**DATA SHOWN**
┏━━

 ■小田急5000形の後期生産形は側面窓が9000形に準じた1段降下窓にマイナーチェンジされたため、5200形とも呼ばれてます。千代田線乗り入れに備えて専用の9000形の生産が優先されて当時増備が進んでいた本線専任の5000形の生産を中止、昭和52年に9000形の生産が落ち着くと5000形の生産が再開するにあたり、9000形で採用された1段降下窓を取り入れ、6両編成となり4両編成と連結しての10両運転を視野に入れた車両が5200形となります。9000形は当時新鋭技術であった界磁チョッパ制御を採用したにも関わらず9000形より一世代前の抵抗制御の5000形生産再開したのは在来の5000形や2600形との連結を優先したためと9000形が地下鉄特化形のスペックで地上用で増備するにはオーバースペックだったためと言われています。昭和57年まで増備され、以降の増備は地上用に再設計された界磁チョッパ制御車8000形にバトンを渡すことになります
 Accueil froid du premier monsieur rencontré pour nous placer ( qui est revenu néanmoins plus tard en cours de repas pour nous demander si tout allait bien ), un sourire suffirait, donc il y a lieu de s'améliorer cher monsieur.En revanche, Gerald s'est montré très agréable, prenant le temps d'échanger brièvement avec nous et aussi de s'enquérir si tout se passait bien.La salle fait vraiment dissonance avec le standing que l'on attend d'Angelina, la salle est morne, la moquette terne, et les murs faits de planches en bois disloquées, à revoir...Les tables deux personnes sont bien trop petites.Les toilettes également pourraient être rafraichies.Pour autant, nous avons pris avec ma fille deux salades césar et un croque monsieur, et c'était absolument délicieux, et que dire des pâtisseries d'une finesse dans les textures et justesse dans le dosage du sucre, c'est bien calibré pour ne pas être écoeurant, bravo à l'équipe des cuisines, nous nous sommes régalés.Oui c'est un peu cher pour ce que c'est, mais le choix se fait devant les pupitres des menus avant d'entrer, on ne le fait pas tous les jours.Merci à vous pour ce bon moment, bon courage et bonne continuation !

┗━━
┏━━

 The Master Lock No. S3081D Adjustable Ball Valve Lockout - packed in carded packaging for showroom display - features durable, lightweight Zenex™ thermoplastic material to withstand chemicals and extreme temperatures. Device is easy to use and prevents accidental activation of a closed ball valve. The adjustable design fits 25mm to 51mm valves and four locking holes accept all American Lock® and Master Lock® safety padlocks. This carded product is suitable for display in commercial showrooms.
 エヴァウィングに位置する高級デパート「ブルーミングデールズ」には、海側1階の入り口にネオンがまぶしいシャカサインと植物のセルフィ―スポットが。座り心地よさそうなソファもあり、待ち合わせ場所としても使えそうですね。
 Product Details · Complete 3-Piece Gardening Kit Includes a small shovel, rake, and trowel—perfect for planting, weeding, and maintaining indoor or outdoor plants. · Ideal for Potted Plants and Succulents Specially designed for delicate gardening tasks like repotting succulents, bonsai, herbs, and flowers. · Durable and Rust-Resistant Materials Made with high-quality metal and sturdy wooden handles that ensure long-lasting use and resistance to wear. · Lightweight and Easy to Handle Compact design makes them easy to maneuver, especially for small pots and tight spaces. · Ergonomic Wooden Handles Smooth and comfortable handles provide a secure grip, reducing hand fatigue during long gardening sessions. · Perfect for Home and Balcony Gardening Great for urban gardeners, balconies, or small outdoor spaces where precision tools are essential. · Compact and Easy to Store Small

┗━━

**TASK STATEMENT**
Out of the material above, output word for word the line with "The Master Lock", the line with "エヴァウィングに位置する高級", and all lines between them, with nothing else.

**RESULT FOR THIS EXERCISE**
 The Master Lock No. S3081D Adjustable Ball Valve Lockout - packed in carded packaging for showroom display - features durable, lightweight Zenex™ thermoplastic material to withstand chemicals and extreme temperatures. Device is easy to use and prevents accidental activation of a closed ball valve. The adjustable design fits 25mm to 51mm valves and four locking holes accept all American Lock® and Master Lock® safety padlocks. This carded product is suitable for display in commercial showrooms.
 エヴァウィングに位置する高級デパート「ブルーミングデールズ」には、海側1階の入り口にネオンがまぶしいシャカサインと植物のセルフィ―スポットが。座り心地よさそうなソファもあり、待ち合わせ場所としても使えそうですね。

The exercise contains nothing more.